Quantum phase transition in a gapped Anderson model: A numerical renormalization group study

TL;DR

This study uses numerical renormalization group techniques to analyze how a gapped conduction band affects the quantum phase transition and spectral properties of a single-impurity Anderson model, revealing a transition from Kondo to localized moment states.

Contribution

It provides a detailed numerical analysis of the quantum phase transition induced by a gap in the Anderson model, highlighting the evolution of bound states and spectral features.

Findings

Quantum phase transition occurs as a function of the gap size.

Bound states form differently in strong-coupling and localized regimes.

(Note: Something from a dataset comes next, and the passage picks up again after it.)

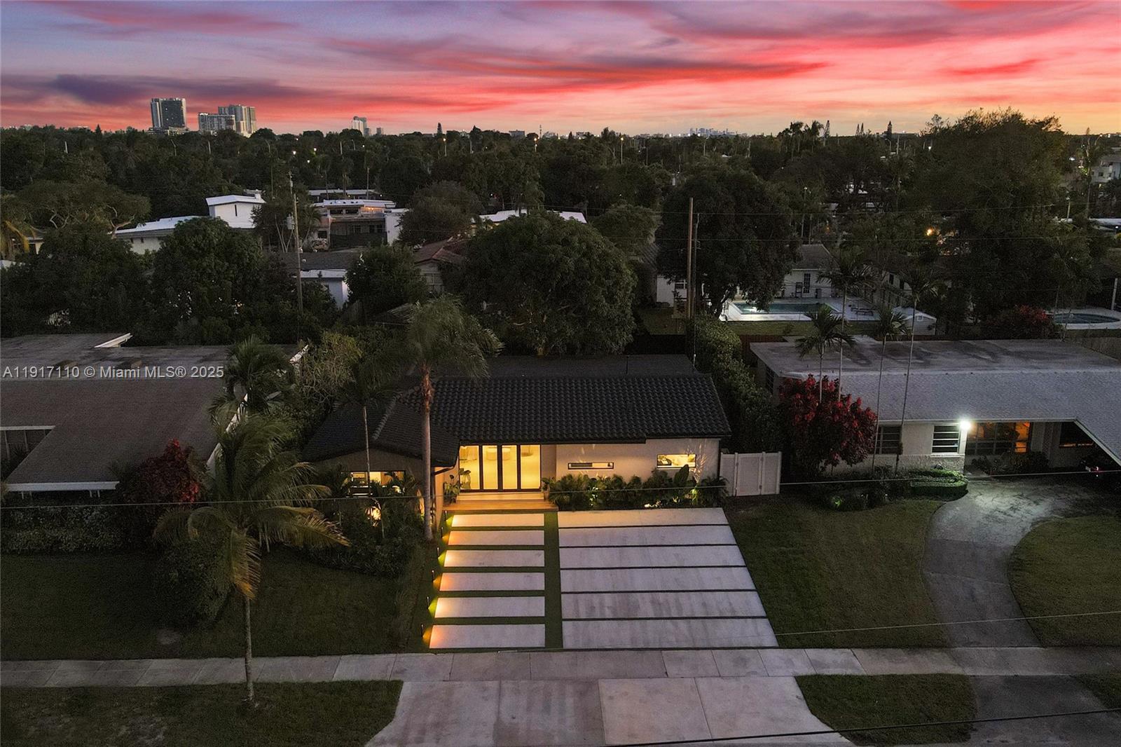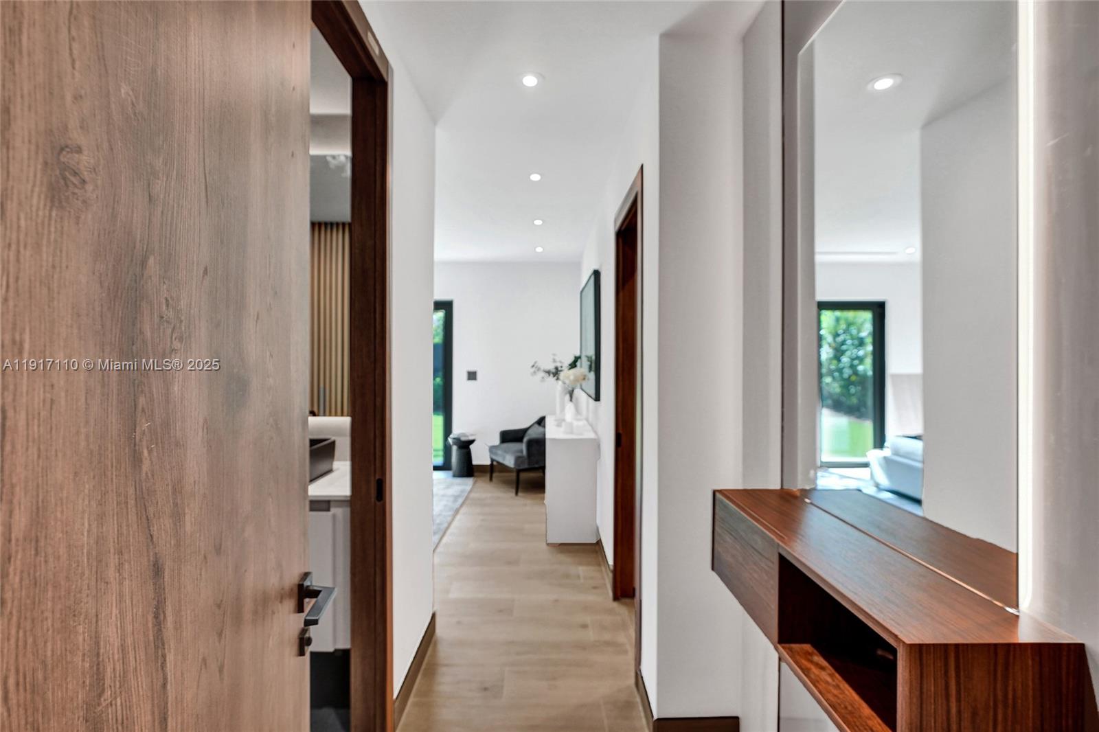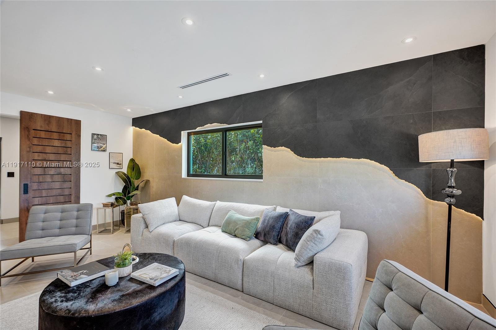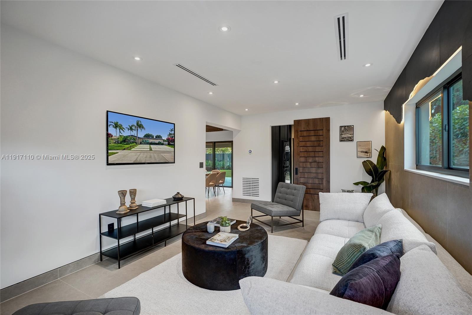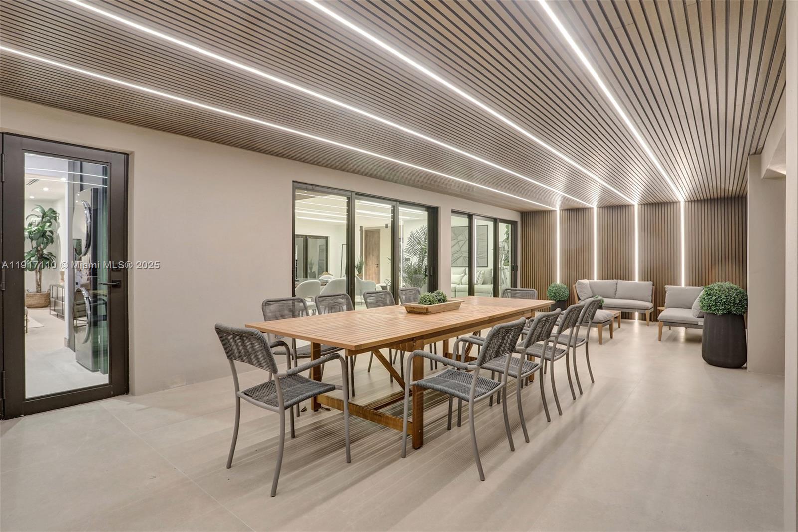 Stunning, fully remodeled modern home featuring clean architectural lines, warm natural tones, and top-quality finishes throughout. The open-concept layout highlights a sleek Italian-style kitchen with custom wood cabinetry, quartz countertops, and top-of-the-line appliances, including stainless steel appliances. This elegant residence features impact-resistant windows and doors, Italian-built-in closets, large porcelain floors, high ceilings, and designer LED lighting. The spacious living and dining areas are surrounded by glass sliders that fill the home with natural light and create a perfect indoor-outdoor flow. The outdoor space is designed for entertaining, featuring a built-in BBQ, artificial grass, and beautifully landscaped gardens. Every detail combines luxury and functionality

Spectral properties change significantly across the transition.

Abstract

We use the numerical renormalization group method to investigate the spectral properties of a single-impurity Anderson model with a gap {\delta} across the Fermi level in the conduction-electron spectrum. For any finite {\delta} > 0, at half filling the ground state of the system is always a doublet. Away from half filling a quantum phase transition (QPT) occurs as function of the gap value {\delta}, and the system evolves from the strong-coupling (SC) Kondo-type state, corresponding to {\delta} <{\delta}_C toward a localized moment (LM) regime for {\delta} > {\delta}_C. The opening of the gap leads to the formation of one (two) bound states when the system is in the SC (LM) regime. The evolution across the QPT of their positions and the corresponding weights together with the dynamic properties of the model are investigated.